Data for review: Begin

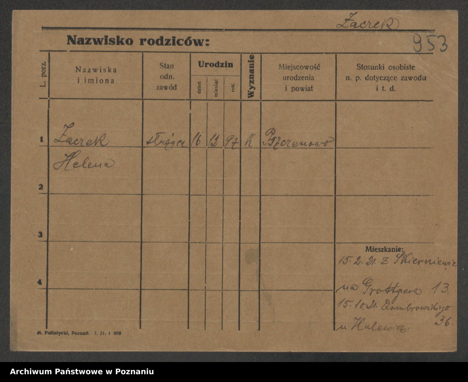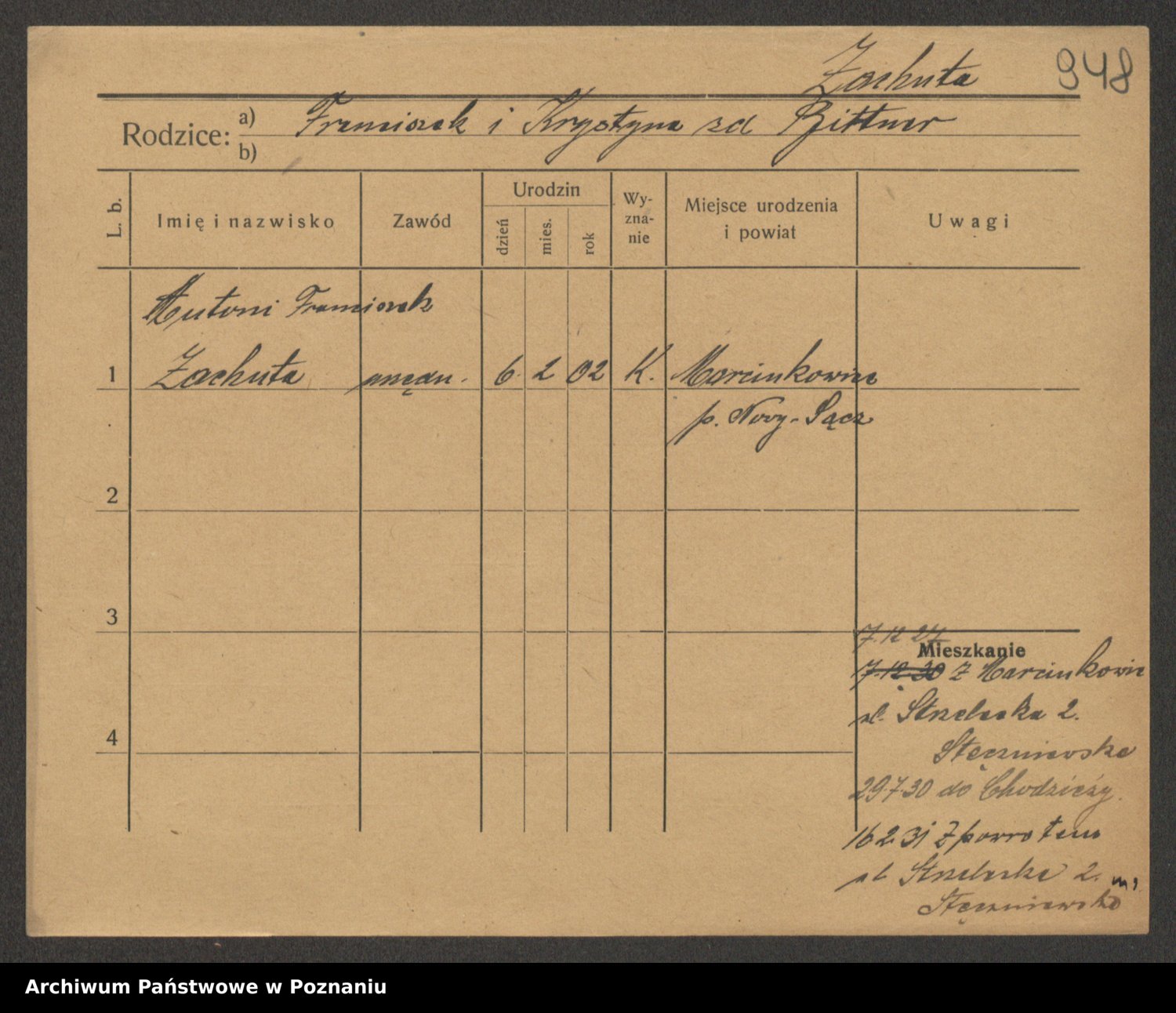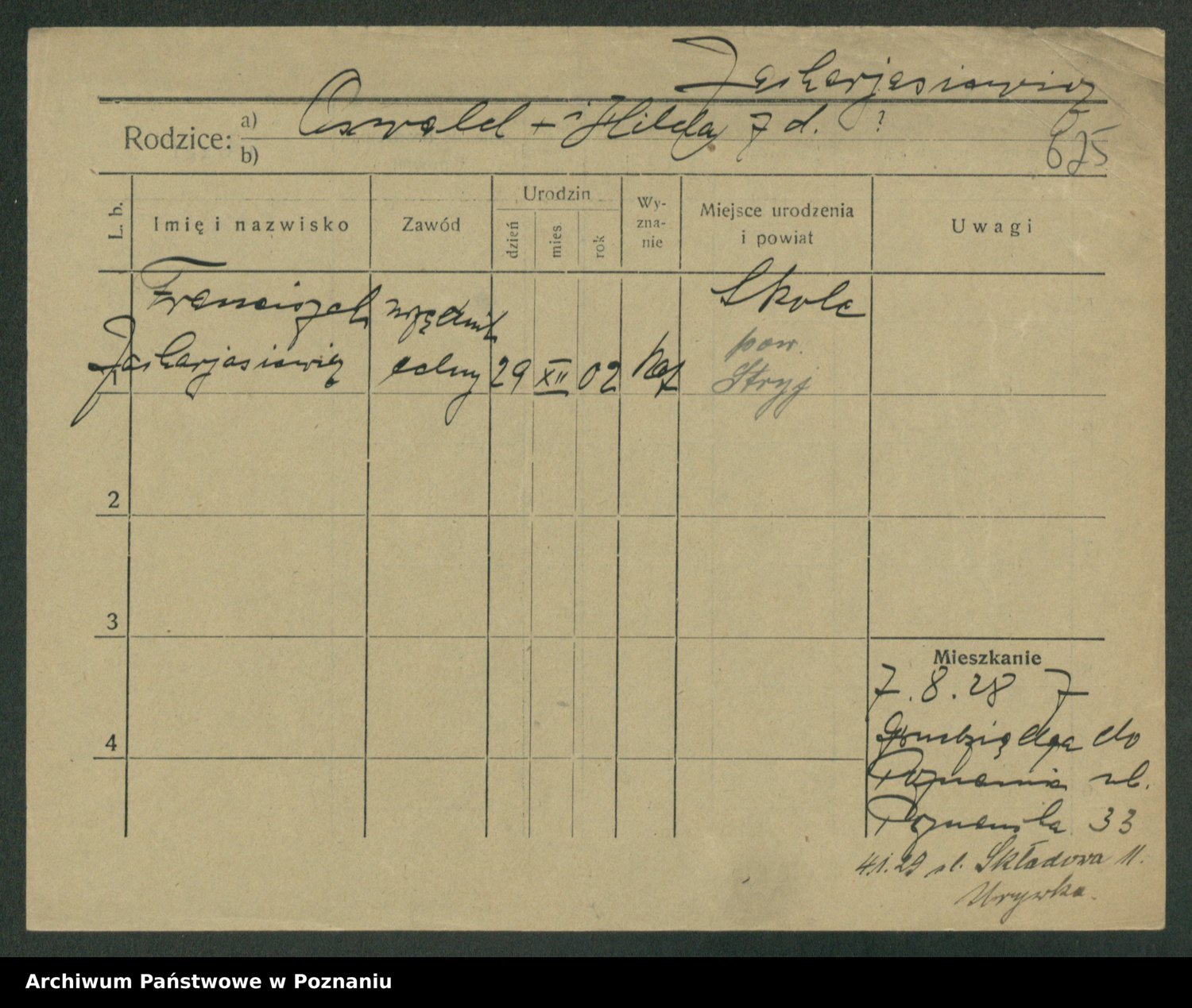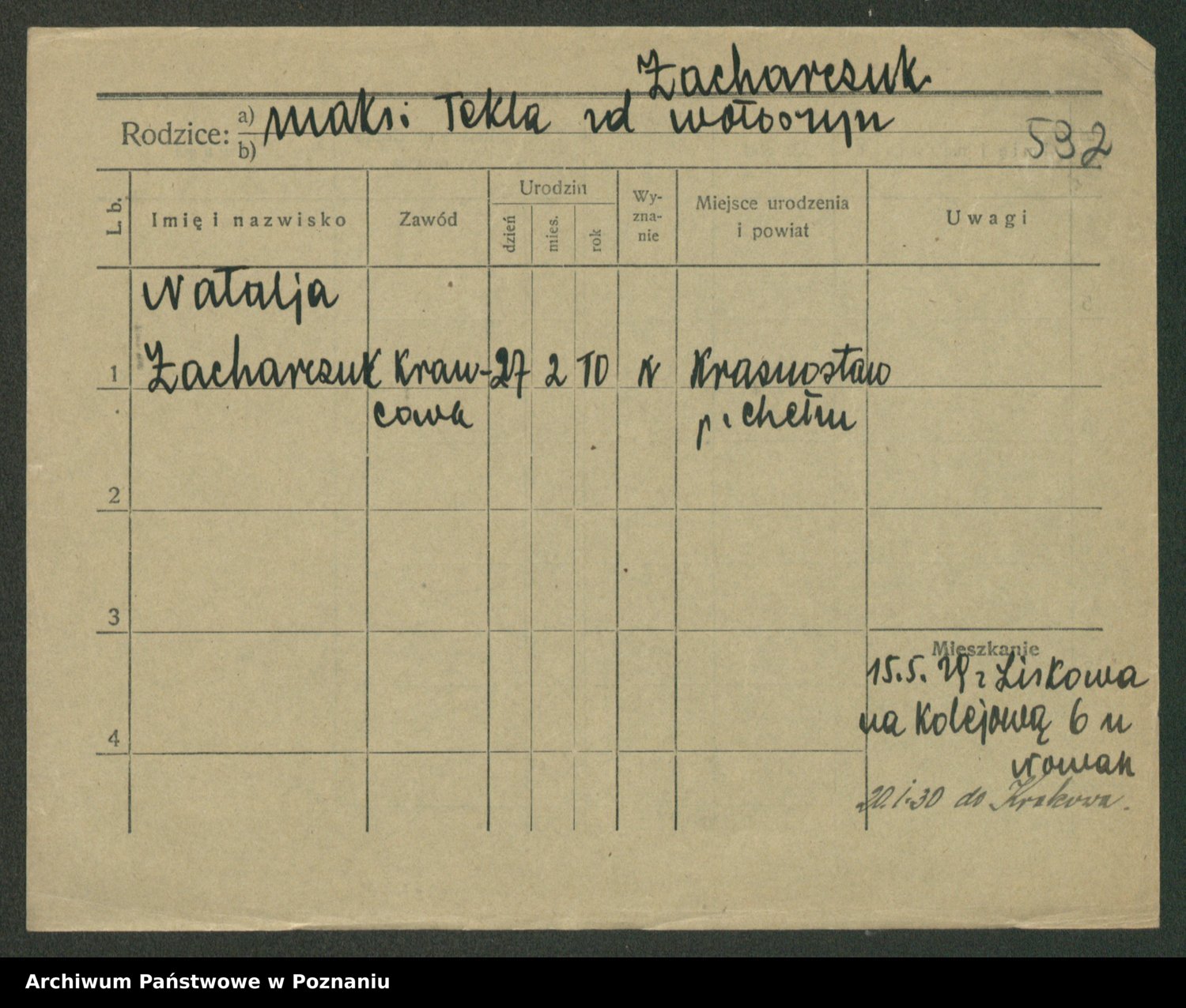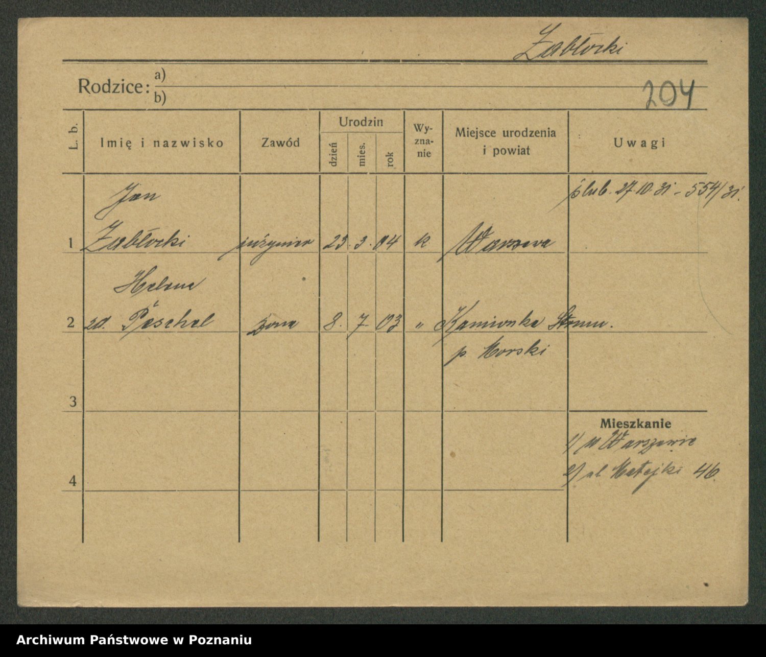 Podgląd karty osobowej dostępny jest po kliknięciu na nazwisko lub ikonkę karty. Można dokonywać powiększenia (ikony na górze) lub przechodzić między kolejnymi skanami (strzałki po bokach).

Data for review: End
Data for review: Begin

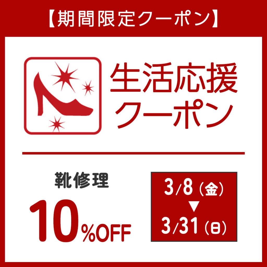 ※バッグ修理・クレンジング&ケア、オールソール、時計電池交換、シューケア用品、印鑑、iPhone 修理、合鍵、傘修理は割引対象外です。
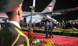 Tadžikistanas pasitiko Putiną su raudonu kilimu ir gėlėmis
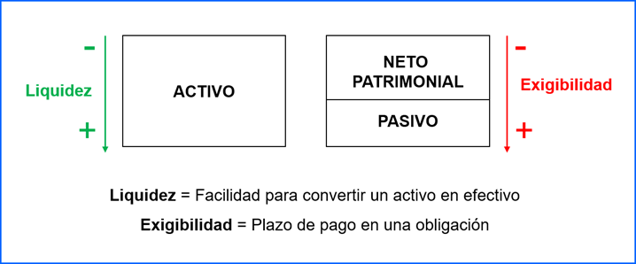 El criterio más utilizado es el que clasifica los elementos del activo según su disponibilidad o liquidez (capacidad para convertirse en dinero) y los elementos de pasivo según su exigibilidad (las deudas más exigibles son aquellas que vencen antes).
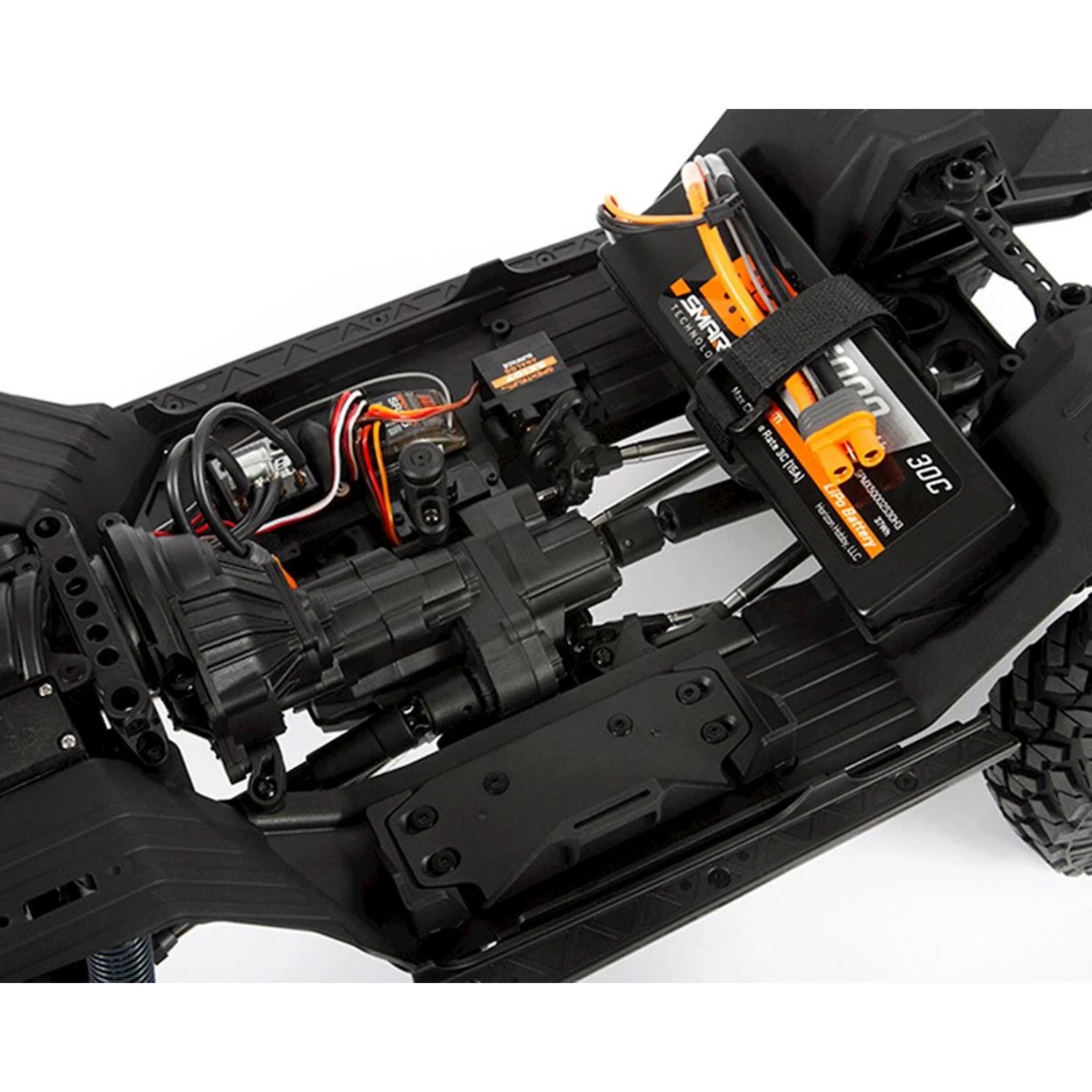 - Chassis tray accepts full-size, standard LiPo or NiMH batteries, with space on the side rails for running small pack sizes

Data for review: End

In the records above, everything from the line with "Tadžikistanas pasitiko Putiną" down to the line with "- Chassis tray" must be duplicated exactly, both lines kept. Leave no pictures in.

**Response box**
 Tadžikistanas pasitiko Putiną su raudonu kilimu ir gėlėmis
 El criterio más utilizado es el que clasifica los elementos del activo según su disponibilidad o liquidez (capacidad para convertirse en dinero) y los elementos de pasivo según su exigibilidad (las deudas más exigibles son aquellas que vencen antes).
 - Chassis tray accepts full-size, standard LiPo or NiMH batteries, with space on the side rails for running small pack sizes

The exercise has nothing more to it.